- Theatrical release poster
- Directed by: Ján Kadár
- Screenplay by: Bill Gunn Ronald Ribman
- Story by: Bernard Malamud
- Produced by: Harry Belafonte
- Starring: Zero Mostel Harry Belafonte Ida Kamińska Milo O'Shea Gloria Foster
- Cinematography: Richard C. Kratina
- Edited by: Carl Lerner
- Music by: Zdeněk Liška
- Distributed by: United Artists
- Release date: July 28, 1970;
- Running time: 106 minutes
- Country: United States
- Language: English

= The Angel Levine =

1970 film

The Angel Levine is a 1970 American drama film directed by Ján Kadár and starring Zero Mostel, Harry Belafonte, Ida Kamińska, Milo O'Shea, and Gloria Foster. It is based on a short story by Bernard Malamud about Morris Mishkin, an elderly, impoverished New York City tailor who becomes unable to work due to health problems. His wife has also been seriously ill for two years, and their situation is now desperate. The tailor's Jewish faith, or lack of it, is challenged when a man calling himself Alexander Levine enters his life, claiming to be his guardian angel. Levine says that he must make the tailor believe in his mission, or fail to earn his angelic wings.

==Plot==
Morris Mishkin is a poor Jewish tailor struggling through a difficult life. The pain in his back keeps him from holding down a job, his daughter has run away, and his wife, Fanny, suffers from heart disease. While still waiting on relief from a backlogged welfare system, Mishkin takes his last bit of savings to the grocery store for necessities. During his trek to the store he witnesses a robbery in which a black man steals a fur coat. Mishkin yells for the police, which alerts the thief, who then attempts a getaway but is struck and killed by a passing car while dashing across the street. When Mishkin gets back to his home he finds his wife growing continually worse, and he curses the Lord for his troubles.

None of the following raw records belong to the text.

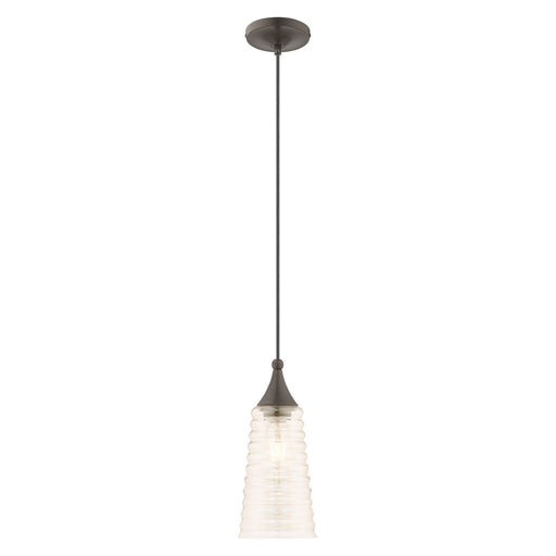 One Light Pendant from the Eaves collection in Copper Brushed Brass / Clear Ribbed Glass finish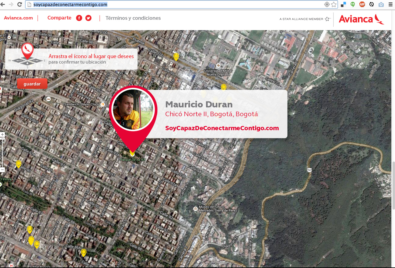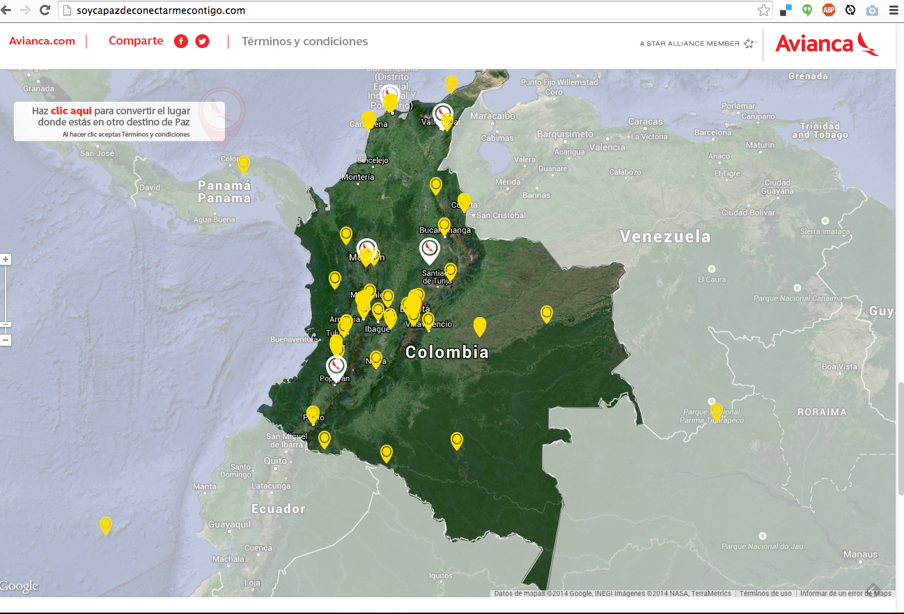 Al guardar la ubicación del usuario en un mapa, su nombre e imagen de perfil en Facebook podía ser vista por otros usuarios como muestra fidedigna de su deseo por la paz y el compartir en Colombia.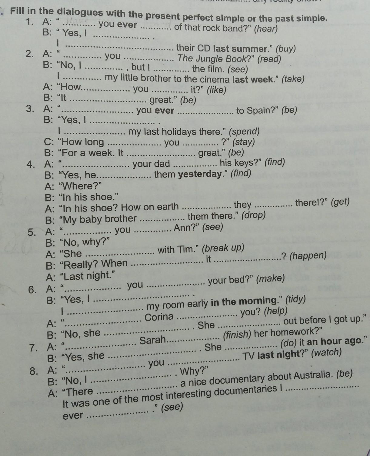 Срочно!! Fill in the dialogues with the present perfect simple or the past simple.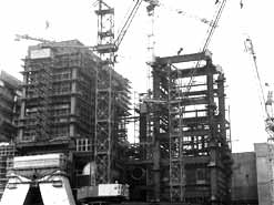 Der Erste Kühlturm wird auf seine Endhöhe von 113 m gebracht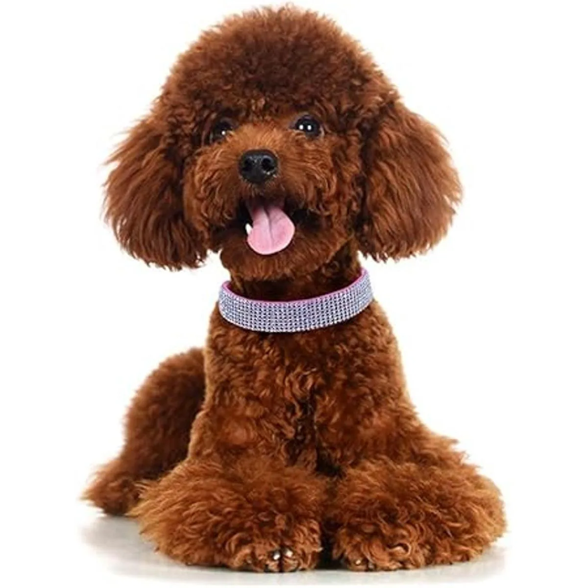 Collar de perro con diamantes de imitación de cristal, hebilla de diamantes brillantes, 5 ojales ajustables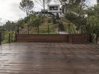 This image features a wooden deck and steps leading up to the bottom deck of a home. The deck offers a stunning view of the surrounding trees, creating a tranquil and natural ambiance. The luxurious California property showcases the perfect blend of nature and architecture, making it an ideal home. The wooden floors and boardwalk add warmth and charm to the house, while the cloud-filled sky in the backdrop completes the scenic view. This photo is perfect for real estate, landscape, and outdoor-themed projects.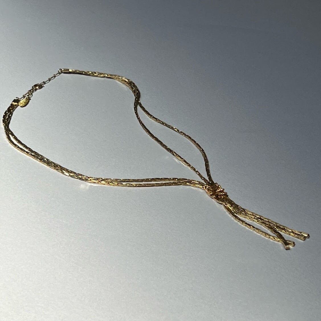 シンプルながらもY字部分やエンドパーツにも、さりげなくデザインが施されているネックレスです。
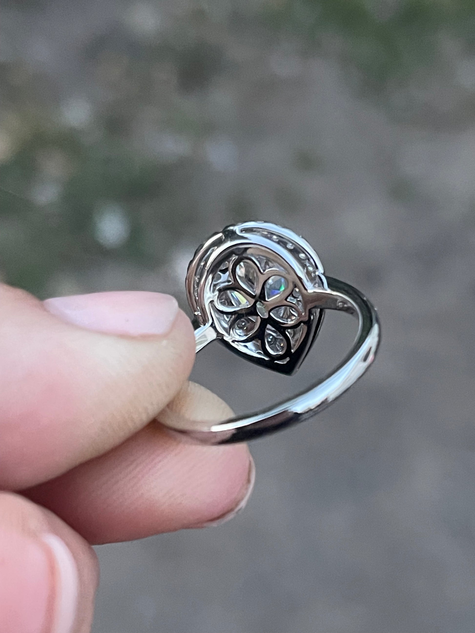 **Sterling Silver can react with chemicals found in air and produce tarnish and oxidize; high moisture levels, exposure to sunlight and contaminants such as salt water increase this reaction. Properly care for ring by polishing with polish & a clean cotton cloth.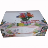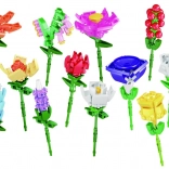 Assemblez un bouquet composé de pièces en plastique de différentes couleurs et formes. Chaque fleur est unique et offre des possibilités infinies de création.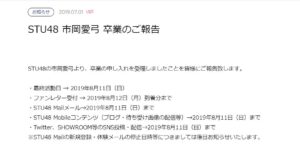1日前にSTU48の由良朱合の卒業が発表された翌日に同グループSTU市岡愛弓の卒業が発表されました。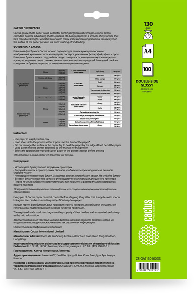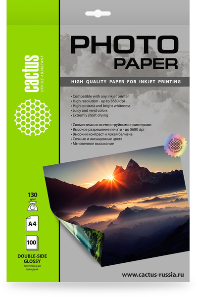 Фотобумага Cactus CS-GA4130100DS A4/130г/м2/100л./белый глянцевое/глянцевое для струйной печати купить в интернет-магазине TPShop.Ru. Наличный и безналичный расчет, розничные и оптовые продажи. Самовывоз, доставка по Москве и МО, отправка во все регионы России.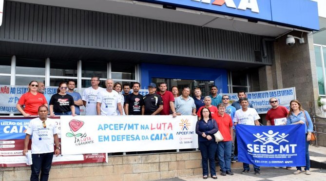 Cuiabá MT - O Sindicato dos Bancários de Mato Grosso (Seeb/MT) e os demais sindicatos de bancários de todo o país realizam, nesta quinta-feira (07.12), manifestações contra a intenção do governo Temer tornar o banco uma empresa de sociedade anônima, entre outras medidas promovidas pelo banco que prejudicam os funcionários e toda a sociedade.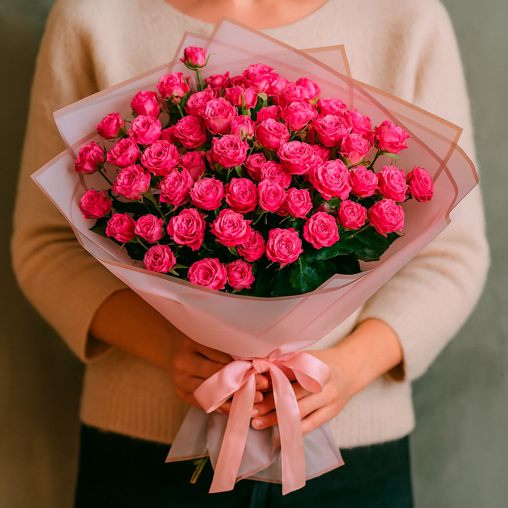 Кустовые розы «Бомбастик» создают нежную и романтичную композицию, наполненную свежестью и изяществом. Упакован в матовую плёнку нежно-розового цвета и перевязан атласной лентой. Возможны варианты упаковки: крафт-бумага или декоративная сетка. Прекрасный выбор для любимой на день рождения или годовщину.

As Mishkin turns to his kitchen, he sees the black thief who was killed in the street, standing there. The mysterious man claims to be a Jewish angel in training going by the name of Alexander Levine. Levine says that he must perform a miracle within 24 hours to be promoted to accepted status as an angel. Mishkin does not believe Levine, but Fanny's health suddenly improves. Mishkin still disbelieves it is a miracle, or that God is showing mercy. When Levine's 24 hours have expired, he leaves the Mishkin household, only for Fanny's condition to revert and worsen. Mishkin has a change of heart, and rushes to the streets of Harlem in search of Levine. He finally enters a local synagogue, but finds only a single black feather.

==Cast==
- Zero Mostel as Morris Mishkin
- Harry Belafonte as Alexander Levine
- Ida Kamińska as Fanny Mishkin
- Milo O'Shea as Dr. Arnold Berg
- Gloria Foster as Sally
- Barbara Ann Teer as Welfare Lady
- Eli Wallach as Delicatessen Clerk
- Anne Jackson as Woman in Delicatessen
- Stephen Strimpell as Drugstore Clerk
- Sam Raskyn as Druggist
- Kathy Shawn as Woman in Drugstore

== Production ==
The Angel Levine was brought to the screen by Belafonte, who produced the film as his own return to movies after more than 10 years. The story was adapted by Emmy nominated writer Ronald Ribman and Bill Gunn, who had written the satire The Landlord (1970), "a well-received and complex examination of American race relations."
Hal Erickson remarks that while "Bernard Malamud seldom saw his works faithfully transferred to the screen...he issued no complaints over the cinemazation of his Angel Levine."

== Reception ==
The Angel Levine was poorly received when it was first released, with Roger Greenspun of The New York Times stating that "given the reputations of the talents involved, [the film is] a failure of major proportions. I have seen worse movies. But I cannot remember having seen a movie so nervously at odds with itself, so timid in its impulses, and so mistaken in its choices."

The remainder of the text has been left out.